(Beginning of Data for analysis)

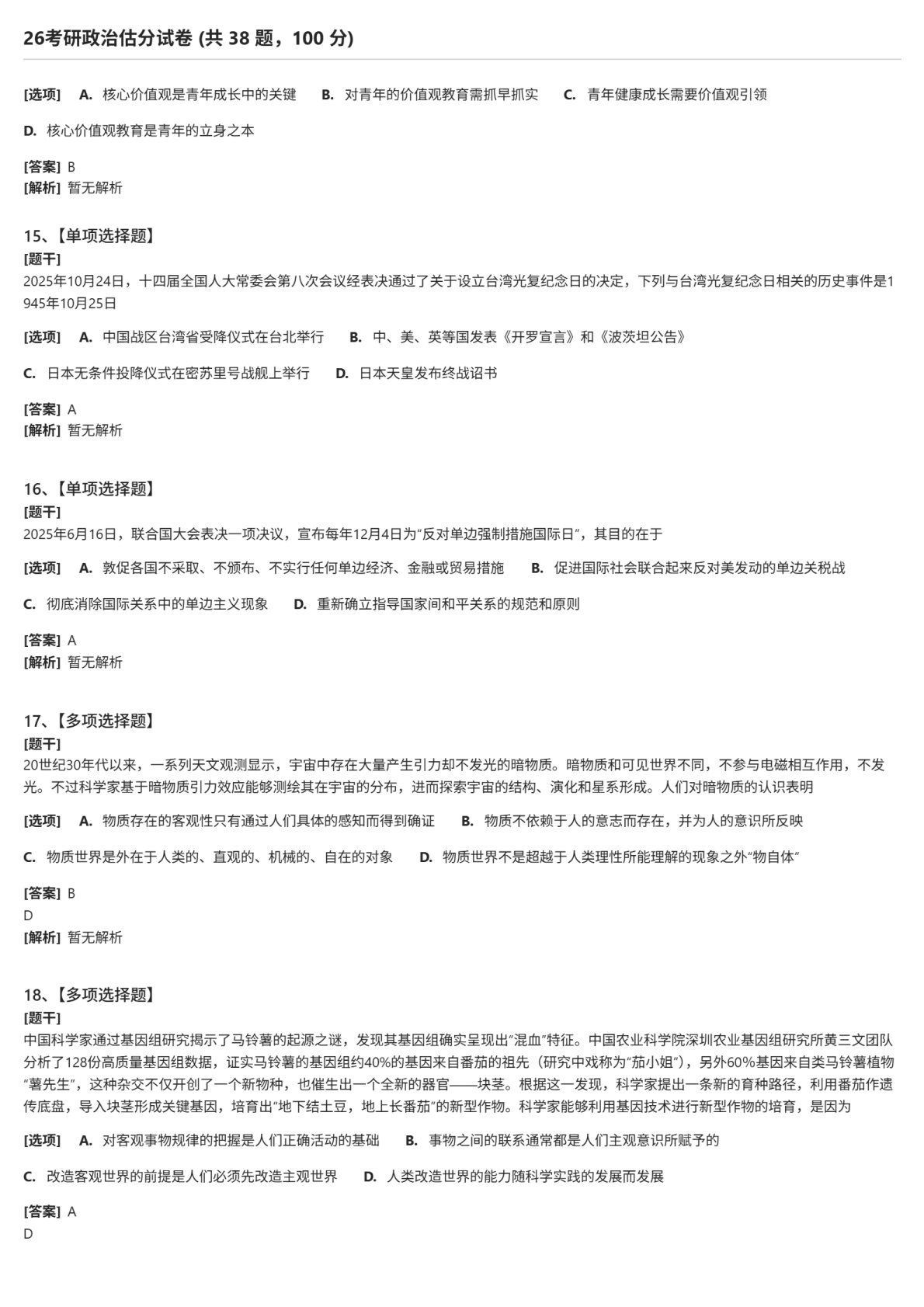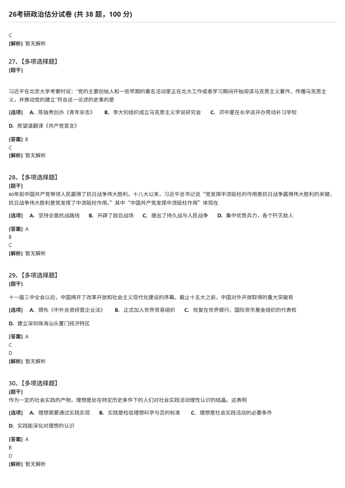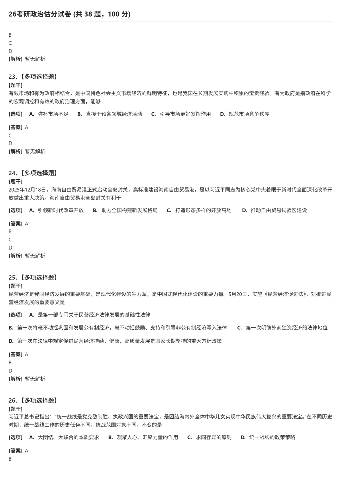 本文主要为大家提供2026年考研政治多项填空题试题及答案解析完整版(新东方版)。具体内容如下:
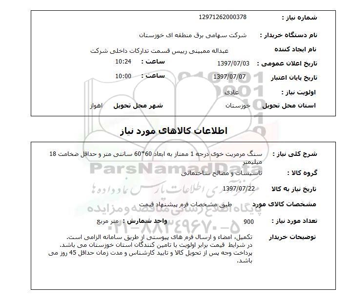 شرح کلی نیاز: سنگ مرمرریت خوی درجه یک ممتاز به ابعاد 60*60 سانتی متر و حداقل ضخامت 18 میلیمتر
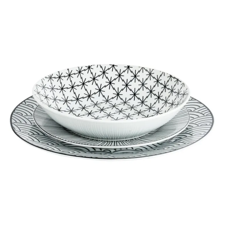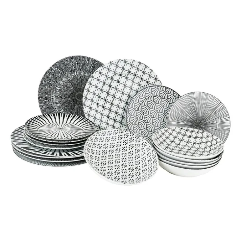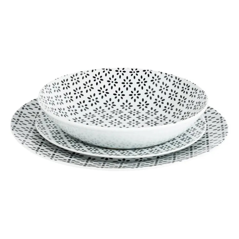 Op zoek naar leuke borden met een printje? In serviesset Seoul zit precies wat je zoekt. In de 18-delige set zitten 6 dinerborden (27 cm), 6 diepe borden (20,5 cm) en 6 ontbijtborden (20 cm). Stuk voor stuk voorzien van een speels maar subtiel patroon. Door de neutrale kleuren makkelijk te combineren met andere mokken, kommen en bekers in de kleuren zwart of wit. Ook verkrijgbaar in de kleuren blauw/wit.
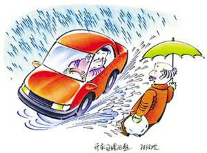 1月28日晚上7時許,記者在廣園路看到,由于連日陰雨不斷,雨勢加大,人行過道路面積了不少水,一些打著傘準備過馬路的行人小心翼翼地避讓著,但過往的不少出租車、小汽車拐彎經過時根本不減速,照樣疾馳而過,好幾個行人因避讓不及而“中招”,被飛濺起來的泥水弄濕了。
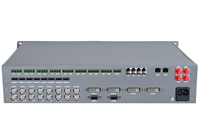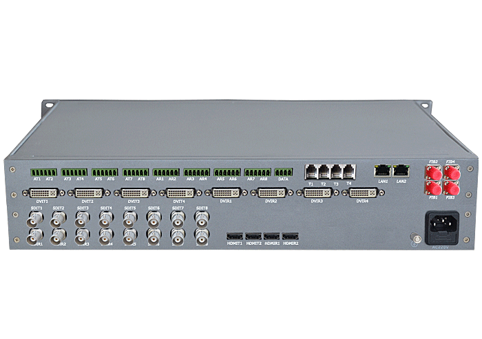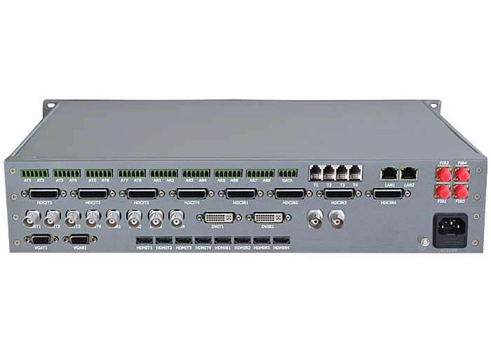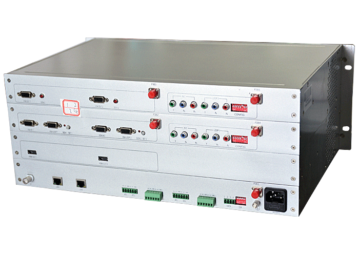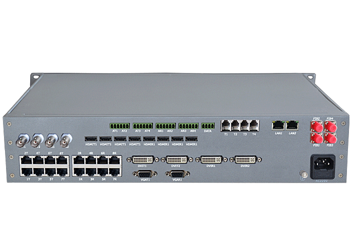 遠程高標清數字化法庭系統電口接入單元,1/2/4/8路HDMI/VGA/YPbPr/模擬標清視頻攝像機電口輸入,1/2/4/8路HDMI/VGA/YPbPr/模擬標清視頻顯示屏電口輸出,1/2/4/8路模擬/數字雙向立體聲音頻可選,1/2/4/8路可選數據,多路電話或百兆/千兆以太網可選,單模/多模,獨立供電,4U機架,非網管/網管/帶光纖數字診斷網管 |
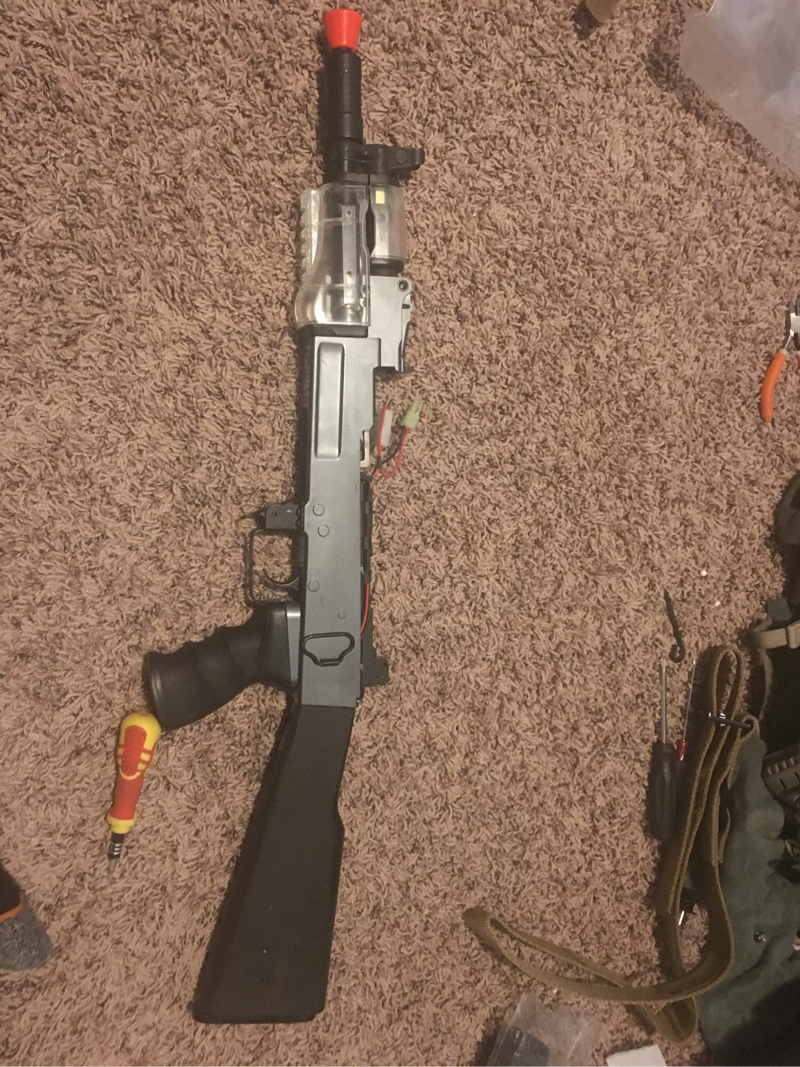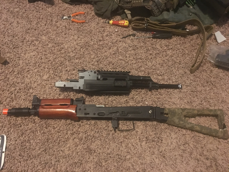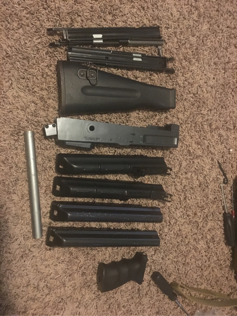 Selling a lot of ak externals, a complete cyma ak74u gearbox in a kalashnikov body, and a couple other random parts. 4 top covers all metal, tm ak lower, tm ak tactical fixed stock, 2 charging handle assemblies, grip, cyma metal and wood ak74u body and inner barrel assembly (top cover for that one is in the first pic), tm ak contractor front assembly and hand guard and outer barrel, etc, tm metal v3 gearbox shell no cracks little wear, tm v3 plastic hopup chamber, tm short type motor, and finally a meme gun body with a functional cyma v3 gearbox with src metal hopup unit and complete barrel assembly. Meme gun works great, just the external quality is meh. Also will include 4 pts high cap ak mags (ones is sort of broken) and I may throw in some other random internal or external parts depending on if the box has any more room. Just a good lot to build a simple ak that will work great and has some upgrade parts as well. Not parting out with anything, selling as a lot in order to to buy a ncpc. No swaps unless you live in Honolulu, HI. If the price is to high then just offer up, I don’t need this stuff just want it gone. Buyer pays shipping and PayPal fee, and you’ll probably end up getting more than what’s shown. Will swap over shipping though only for a nice plate carrier setup, I would prefer you ship first but if you’ve got a good amount of vouchers we could work something out
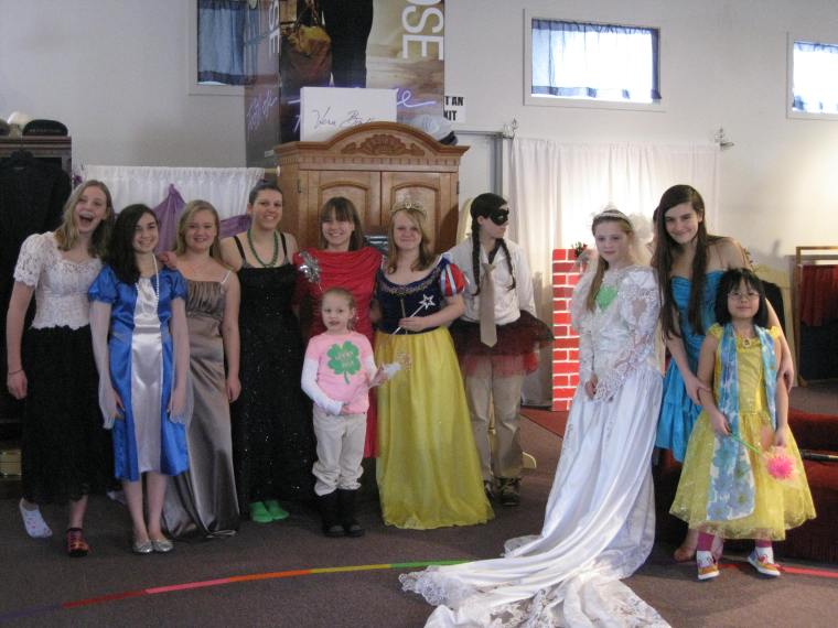 On March 17, 2013, Morrisville Assembly No. 107 held an official visit for Mrs. Helen Snedden, Supreme Deputy, and Sis. Nikki Schafer, Grand Worthy Advisor. The girls, along with two prospects, got together at A Musical Wardrobe, in Hulmeville, where they had a blast trying on a variety of costumes and dresses, ranging from SpongeBob and Snow White to beautiful, flowing ball gowns. There was even a snake outfit and of course, the traditional wedding gown with long train. With a warehouse of options to choose from, everyone went window-shopping crazy until they found just the right outfit to try on and accessorize. Even the adults joined in as fashion consultants to help the girls find the right sizes and colors.

(End of Data for analysis)

* **Task goal**
Your answer must be an exact copy of the records, minus any pictures.

* **Exercise answer**
 本文主要为大家提供2026年考研政治多项填空题试题及答案解析完整版(新东方版)。具体内容如下:
 شرح کلی نیاز: سنگ مرمرریت خوی درجه یک ممتاز به ابعاد 60*60 سانتی متر و حداقل ضخامت 18 میلیمتر
 Op zoek naar leuke borden met een printje? In serviesset Seoul zit precies wat je zoekt. In de 18-delige set zitten 6 dinerborden (27 cm), 6 diepe borden (20,5 cm) en 6 ontbijtborden (20 cm). Stuk voor stuk voorzien van een speels maar subtiel patroon. Door de neutrale kleuren makkelijk te combineren met andere mokken, kommen en bekers in de kleuren zwart of wit. Ook verkrijgbaar in de kleuren blauw/wit.
 1月28日晚上7時許,記者在廣園路看到,由于連日陰雨不斷,雨勢加大,人行過道路面積了不少水,一些打著傘準備過馬路的行人小心翼翼地避讓著,但過往的不少出租車、小汽車拐彎經過時根本不減速,照樣疾馳而過,好幾個行人因避讓不及而“中招”,被飛濺起來的泥水弄濕了。
 遠程高標清數字化法庭系統電口接入單元,1/2/4/8路HDMI/VGA/YPbPr/模擬標清視頻攝像機電口輸入,1/2/4/8路HDMI/VGA/YPbPr/模擬標清視頻顯示屏電口輸出,1/2/4/8路模擬/數字雙向立體聲音頻可選,1/2/4/8路可選數據,多路電話或百兆/千兆以太網可選,單模/多模,獨立供電,4U機架,非網管/網管/帶光纖數字診斷網管 |
 Selling a lot of ak externals, a complete cyma ak74u gearbox in a kalashnikov body, and a couple other random parts. 4 top covers all metal, tm ak lower, tm ak tactical fixed stock, 2 charging handle assemblies, grip, cyma metal and wood ak74u body and inner barrel assembly (top cover for that one is in the first pic), tm ak contractor front assembly and hand guard and outer barrel, etc, tm metal v3 gearbox shell no cracks little wear, tm v3 plastic hopup chamber, tm short type motor, and finally a meme gun body with a functional cyma v3 gearbox with src metal hopup unit and complete barrel assembly. Meme gun works great, just the external quality is meh. Also will include 4 pts high cap ak mags (ones is sort of broken) and I may throw in some other random internal or external parts depending on if the box has any more room. Just a good lot to build a simple ak that will work great and has some upgrade parts as well. Not parting out with anything, selling as a lot in order to to buy a ncpc. No swaps unless you live in Honolulu, HI. If the price is to high then just offer up, I don’t need this stuff just want it gone. Buyer pays shipping and PayPal fee, and you’ll probably end up getting more than what’s shown. Will swap over shipping though only for a nice plate carrier setup, I would prefer you ship first but if you’ve got a good amount of vouchers we could work something out
 On March 17, 2013, Morrisville Assembly No. 107 held an official visit for Mrs. Helen Snedden, Supreme Deputy, and Sis. Nikki Schafer, Grand Worthy Advisor. The girls, along with two prospects, got together at A Musical Wardrobe, in Hulmeville, where they had a blast trying on a variety of costumes and dresses, ranging from SpongeBob and Snow White to beautiful, flowing ball gowns. There was even a snake outfit and of course, the traditional wedding gown with long train. With a warehouse of options to choose from, everyone went window-shopping crazy until they found just the right outfit to try on and accessorize. Even the adults joined in as fashion consultants to help the girls find the right sizes and colors.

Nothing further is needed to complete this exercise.